His heart pounded as he threw himself forward and lifted the big bulky man off the girl. She was underneath him, a look of horror on her face.

You thought you were safe, you bitch, thought Yusuf. No, you are far from safe.

Yusuf grabbed her by the hair and dragged her away from the seemingly unconscious figure that had tried to protect her, flinging her to the ground once more.

He turned his attention to the prone, bullet-ridden man on the floor, ready to finish him off with a bullet to the back of the head. He checked the Glock and then advanced on his target.

In those few brief moments, Sabina knew that she had to react and she had to do it now. She pulled the weapon free from the bandage sheath so that it protruded from the bottom of her fist and then she ran at Yusuf, attacking from his rear.

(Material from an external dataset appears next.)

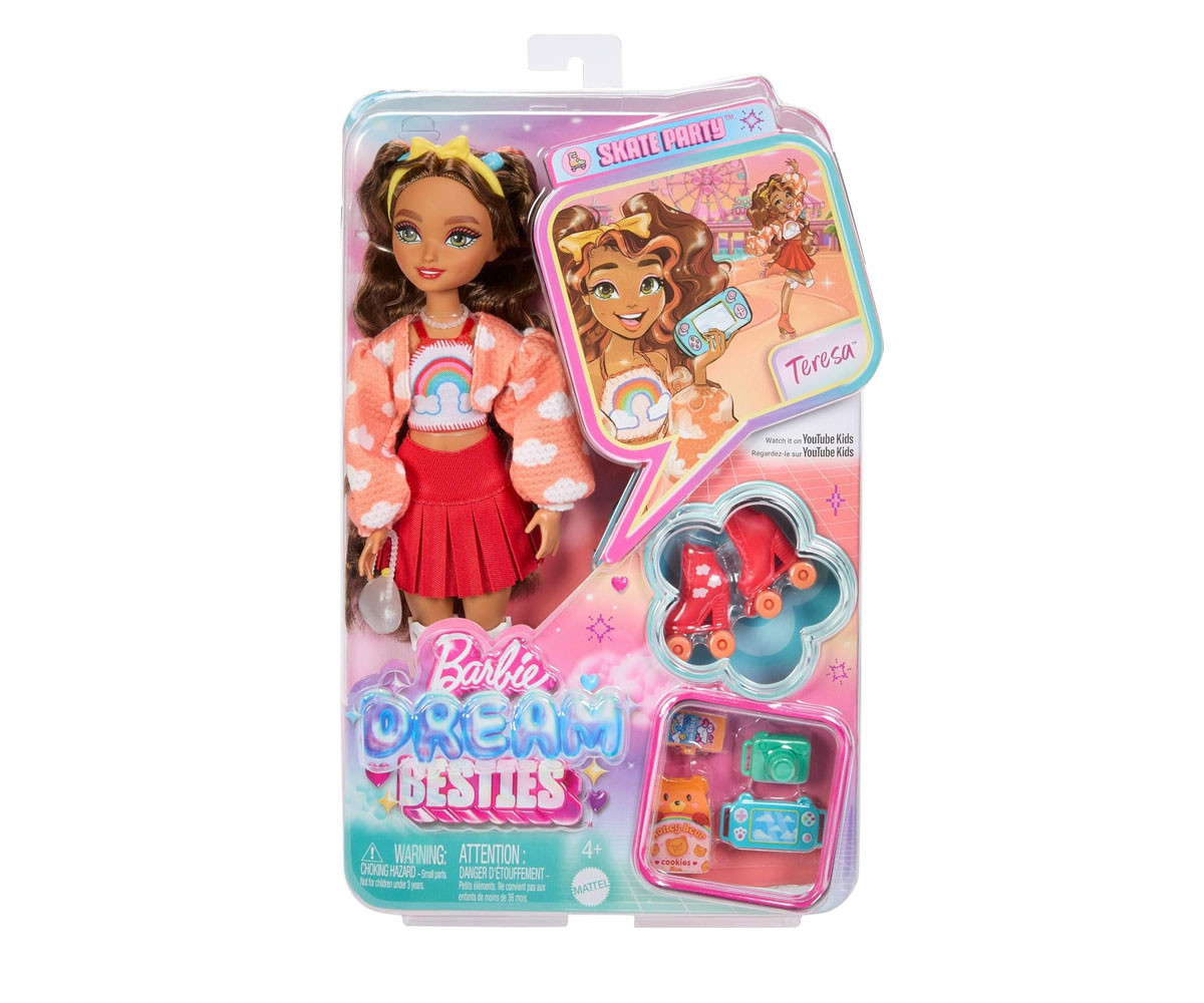 Куклите Barbie Dream Besties идват със забавни аксесоари, които съответстват на новото хоби на Барби – ролерите! Вижте Тереса в нови дрехи, вдъхновени от облаци, които пасват на нейните ролери. Тереса мечтае да стане разработчик на видеоигри. Нейните тематични аксесоари, като преносимата игрова конзола, телефон и чанта с форма на мечка, винаги са под ръка. Тереса има дълга кафява коса за забавление при стилизиране и вдъхновява децата на възраст 4 и повече години да мечтаят и да следват мечтите си. Куклата не може да стои сама. Цветовете и декорациите може да варират.

Her focus was his exposed neck, that fleshy part that was just wide open for attack. Sabina guessed that she had one good shot, perhaps two at the most, and then he would either be dead or he would turn on her. She didn’t count the steps, but she supposed it could have been no more than five, and then she was bringing the vicious, jagged metal down in a short arc.

She felt the resistance as it cut through the flesh and saw Yusuf spasm, his body tensing and arching, before she brought the weapon down once more just for luck, this time penetrating the side of his neck. She barely had time to watch the blood spurt free in a geyser before he had twirled and lashed out with his gun hand, the side of the pistol smashing into her face and knocking her back to the ground. She could feel the blood seeping into her eyes from a cut from the pistol-whipping and could only stare at the scene of horror before her.

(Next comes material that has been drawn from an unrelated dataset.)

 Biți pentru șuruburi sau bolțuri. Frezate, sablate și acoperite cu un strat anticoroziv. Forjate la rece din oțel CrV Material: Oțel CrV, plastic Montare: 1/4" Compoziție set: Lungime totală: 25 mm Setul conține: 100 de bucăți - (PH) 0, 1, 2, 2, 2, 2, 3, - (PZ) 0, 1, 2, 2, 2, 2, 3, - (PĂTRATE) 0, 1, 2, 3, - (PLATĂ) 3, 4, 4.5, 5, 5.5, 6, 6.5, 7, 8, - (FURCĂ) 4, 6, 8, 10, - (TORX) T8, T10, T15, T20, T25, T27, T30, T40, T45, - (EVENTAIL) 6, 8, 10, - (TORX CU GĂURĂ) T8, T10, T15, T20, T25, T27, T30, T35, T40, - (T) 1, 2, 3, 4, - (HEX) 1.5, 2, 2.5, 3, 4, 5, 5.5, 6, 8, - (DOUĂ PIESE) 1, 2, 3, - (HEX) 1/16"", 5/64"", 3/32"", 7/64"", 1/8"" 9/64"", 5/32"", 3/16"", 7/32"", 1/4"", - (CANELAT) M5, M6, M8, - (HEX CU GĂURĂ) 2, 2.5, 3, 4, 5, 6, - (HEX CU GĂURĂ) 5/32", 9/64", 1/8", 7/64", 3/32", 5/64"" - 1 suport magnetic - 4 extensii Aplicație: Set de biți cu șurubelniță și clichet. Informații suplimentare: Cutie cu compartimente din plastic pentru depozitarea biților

Yusuf held the wound in his neck with his free hand and advanced on the new threat of Sabina. The pistol was shaking in his hand, but he seemed determined to kill her once and for all.

And then her seemingly dead doppelganger brother began to move and come back to life. He suddenly did two things simultaneously. With his left hand, he reached up to his face and began to claw at it, as if he was ripping his mask of skin and beard away to reveal something underneath. At the same time, his right hand came out from the pocket of his overcoat and began pointing in Yusuf’s direction; a metal finger of battle aimed at him and ready to fire.

The heavy rounds from the Colt 1911 took Yusuf in the head, the force of the impact sending him flying backwards and crashing to the ground dead, his face a mangled bowl of flesh and bone. When the shooting was done, Wolf Beckwith forced his battered body to a crouch, ripping open the jacket to reveal a heavy ballistic vest underneath. He held out his hand and beckoned to the girl.

“Sabina… come to me quickly.”

For an instant, there was a surge of mistrust and then she scurried over to him in a low crouch.

“We need to make it to the car,” he said.

“Where… where is my brother?” called Sabina.

“He’s far from here and he’s safe. That’s for later, but now we have to get to the car!” yelled Wolf and then he grabbed her arm, his body protecting her from the assassins at the other end of the track as he half pulled and half dragged her to the relative safety of the Lexus.

They moved fast and low in the manner of the protector and the protected and it was when they were nearly within spitting distance of the security of their vehicle that Sabina noticed, from somewhere in her peripheral vision, her spymaster and former lover running at full speed, shining blade in hand, past them and heading towards the killers that had taken her.